Today, we are excited to share that Tavily, a powerful web search API designed for AI applications, RAG, and agentic flows, is now available as a data source plugin in the Dify Marketplace.
A few weeks ago, we launched the Dify Knowledge Pipeline, a new starting point for users to orchestrate their RAG workflow. Every component is pluggable, from uploading and parsing data sources to chunking and embedding them. This flexibility lets users build the optimal RAG solution for their unstructured data, ensuring LLM responses that are both accurate and context-aware.

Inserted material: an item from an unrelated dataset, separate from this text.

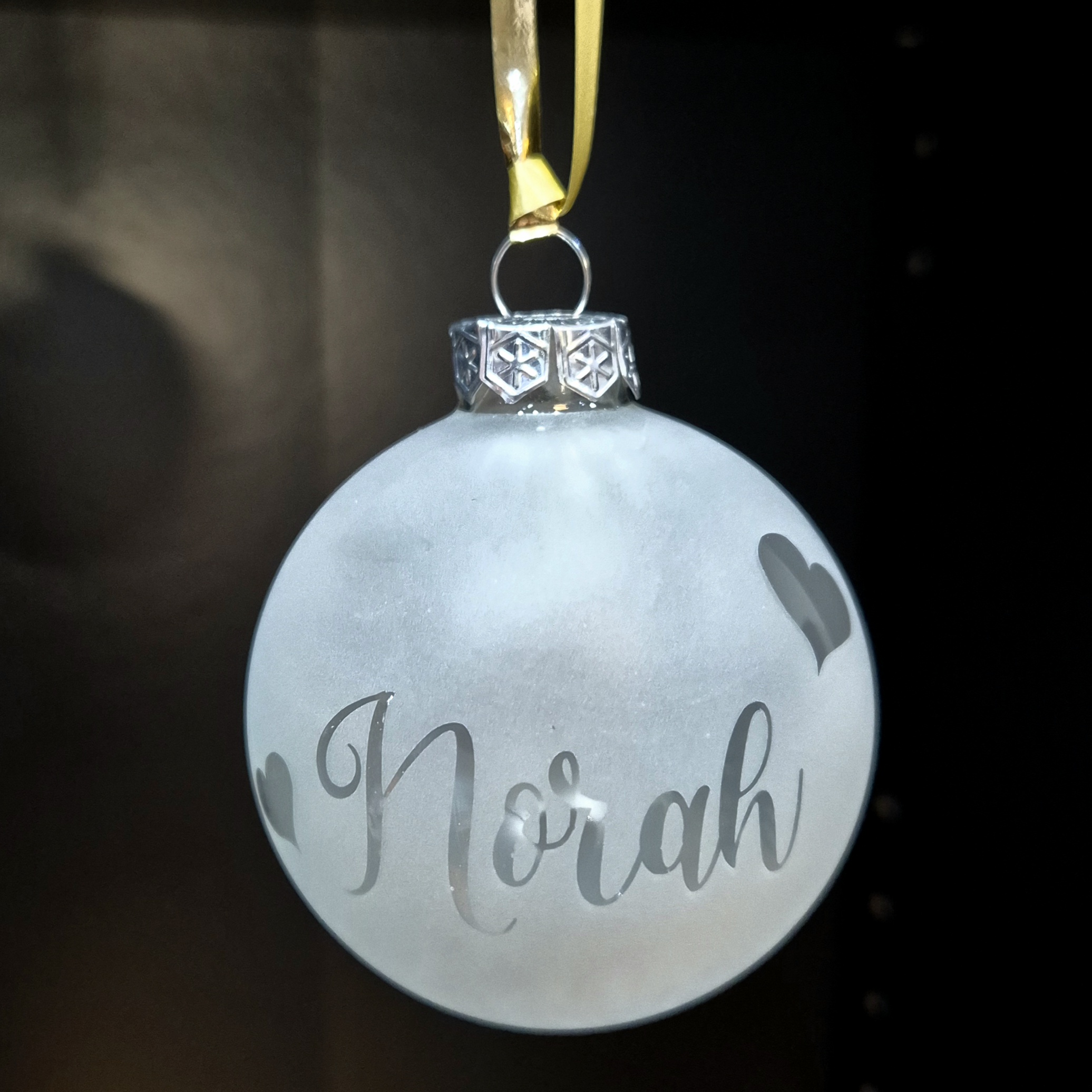 Deze glazen kerstbal met jouw eigen naam heeft een gematteerde achtergrond of ondergrond en de eigen naam blijft helder glas. Net als de hartjes.

Below, we break down a way Tavily can fit into your Knowledge Pipeline.
Getting Started with Tavily
Setup
Install the Tavily plugin from Dify Marketplace
Get your API key from Tavily by signing up and making a free account, and add the key in Dify: Settings > Data Source > Tavily.

Build Your Pipeline
Choose a template or build from scratch.
We've created several templates for common use cases: simple documents, long technical manuals, complex PDFs, and structured tables. Start with a template, customize it for your needs, and deploy.

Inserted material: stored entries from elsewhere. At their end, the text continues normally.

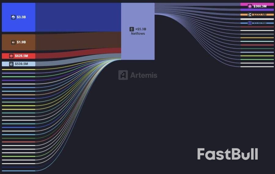 Source: ArtemisBitcoin was in second place at $1.9 billion, with Solana and Arbitrum coming third and fourth, with $628.5 million and $539.5 million, respectively. The other $360.3 million of ETH inflows was deployed into Ethereum-based protocols for use in DeFi, staking platforms, and stablecoin liquidity pools.
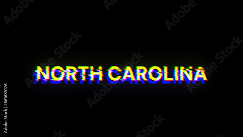 © Vitaly, Fototapeta premium 3D rendering North Carolina text with screen effects of technological glitches
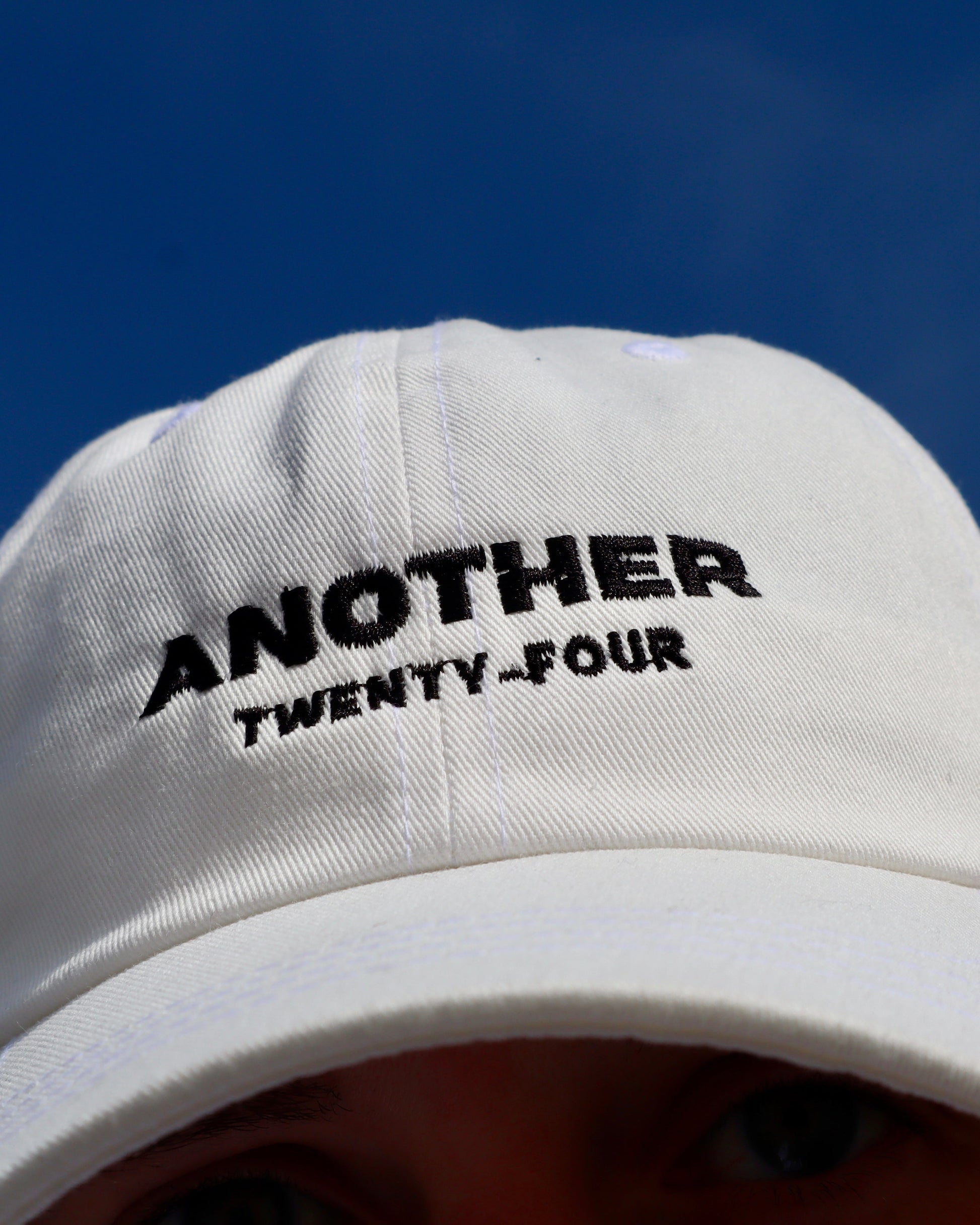 This design is a white baseball cap with ‘Another Twenty-Four’ embroidered in black on the center face of the cap <3

Here's one way: use the LLM-generated Q&A template and select Tavily as your data source.
This pipeline uses an LLM to extract key information from Tavily's web crawl and generate Q&A pairs. The processed data is stored in your knowledge base for on-demand retrieval.

A Few Tips:
Create a variable in settings for search query input.

Adjust crawl parameters (search depth, max results, topic filters, etc.) to fit your use case.

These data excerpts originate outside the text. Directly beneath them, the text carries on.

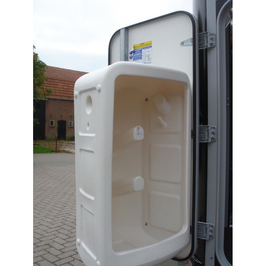 Kunststof zadelkamer. Wordt gemonteerd aan de verzorgingsdeur, en zwenkt mee naar buiten als de deur opengaat.
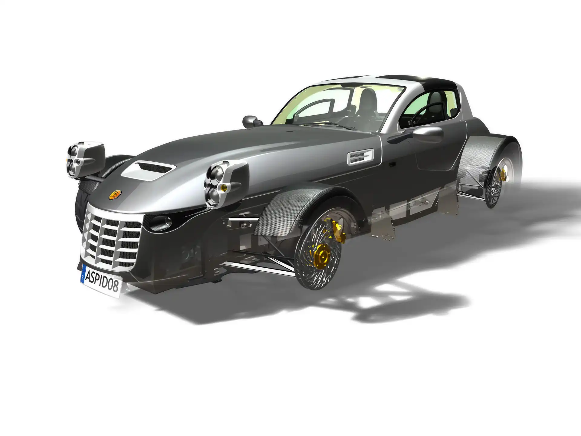 В основе Aspid - пространственная рама с деформируемыми зонами, которая стоит на алюминиевой подвеске. Кузовные панели изготовлены из алюминия и углепластика. Но самое необычное в машине - тормоза. Это плавающие диски (спереди сдвоенные) со сложной проточкой, которая обеспечила прекрасный отвод тепла и снижение веса тормозов на 70%. В итоге после таких ухищрений машина весит всего 700 кг.
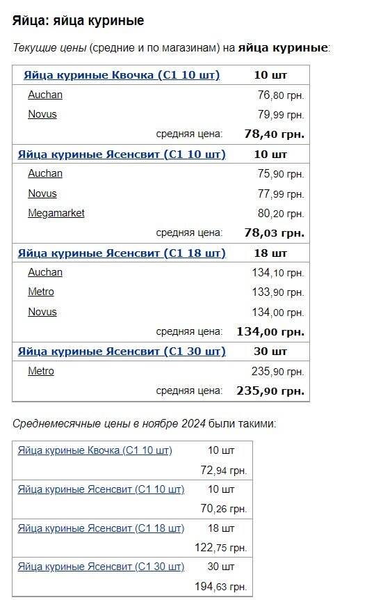 Зокрема, курячі яйця Квочка подорожчали з 72,94 грн до 78,40 грн за десяток. При цьому найдорожче вони обійдуться до Новуса – 79,99 грн. В Ашан можна віддати 76,80 грн за десяток. Ясенсвіт також подорожчали майже на 8 гривень, до 78,03 грн за десяток. За 30 штук таких самих яєць доведеться віддати 235,90 гривень (у листопаді було 194,63 грн).
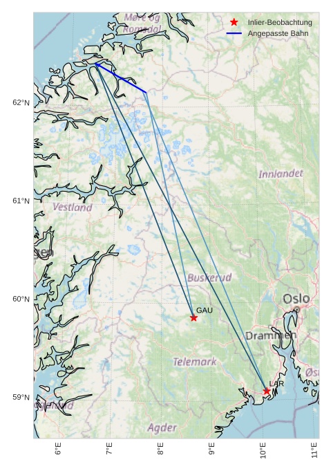 Atmosphärische Bahn des Meteors:
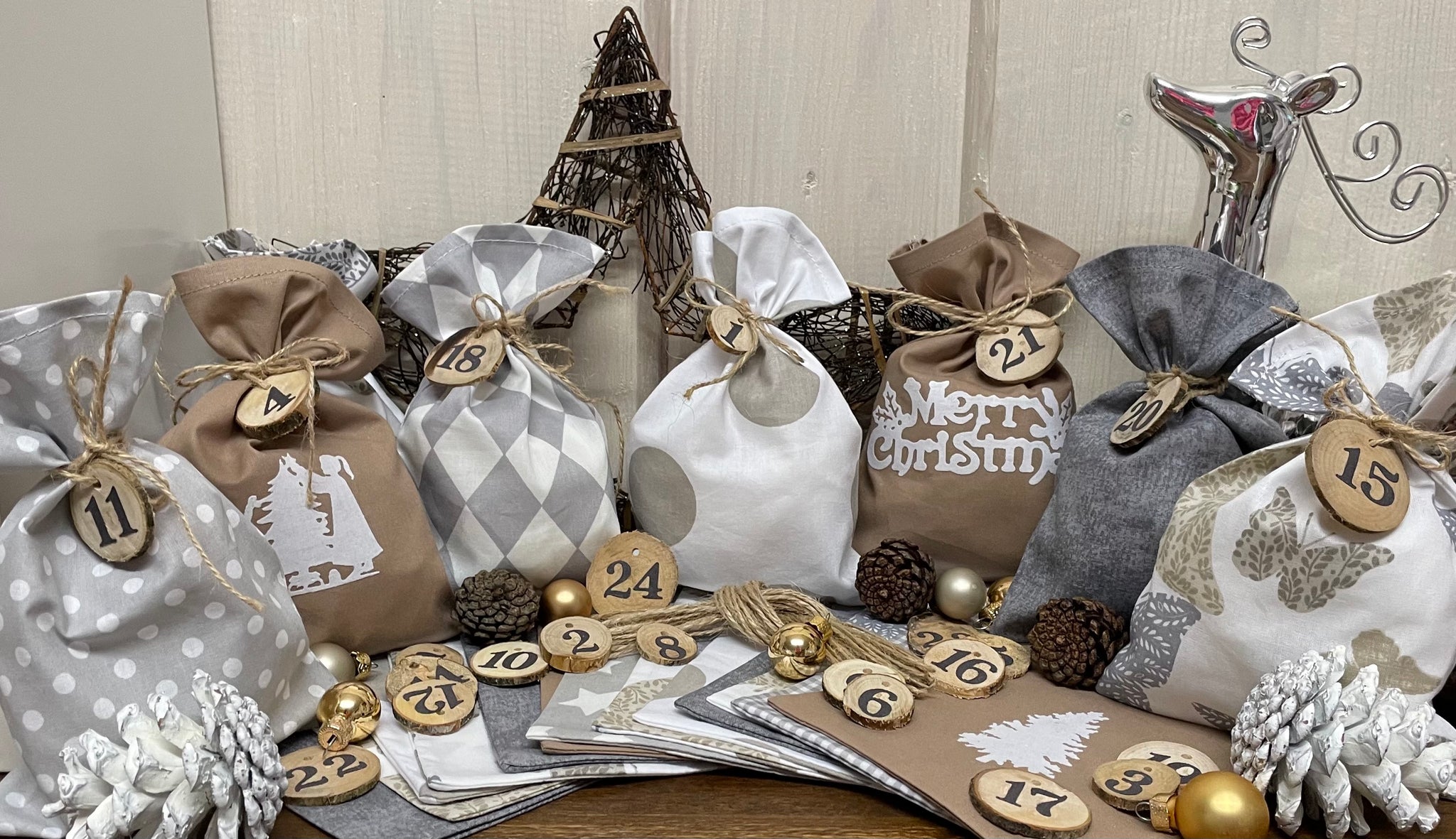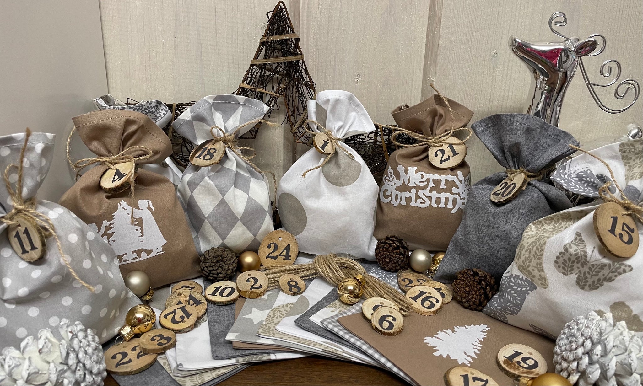 Landhausstil Adventskalender 24 Säckchen zum befüllen oder Deko für den Tannenbaum. Dazu 24 Adventszahlen aus Holz + 24st. Jute Kordel

3. Configure your LLM node to use Tavily's output as context in the system prompt.

Final step: configure the Knowledge Base node.
Set your index, choose an embedding model, and adjust retrieval settings. Publish the pipeline, and you're good to go.

Putting It to Work
As an example, we crawled Tavily's help documentation. Each article is processed into Q&A pairs and stored in the knowledge base.

Now this knowledge base is available across all your Dify applications: chatbots, agents, workflows, anywhere you need to build with context.
About Tavily
Search. Extract. Crawl. The web access stack built for builders, by builders. Tavily powers the next generation of agents with a suite of tools for real-time Search, structured data Extraction, and fully-rendered Crawling — everything agents need to access and reason over the live web. Purpose-built for RAG, autonomy, and production-grade agent systems.
About Dify
Dify is an open-source platform for developing LLM applications. Its intuitive interface combines agentic AI workflows, RAG pipelines, agent capabilities, model management, observability features, and more—allowing you to quickly move from prototype to production.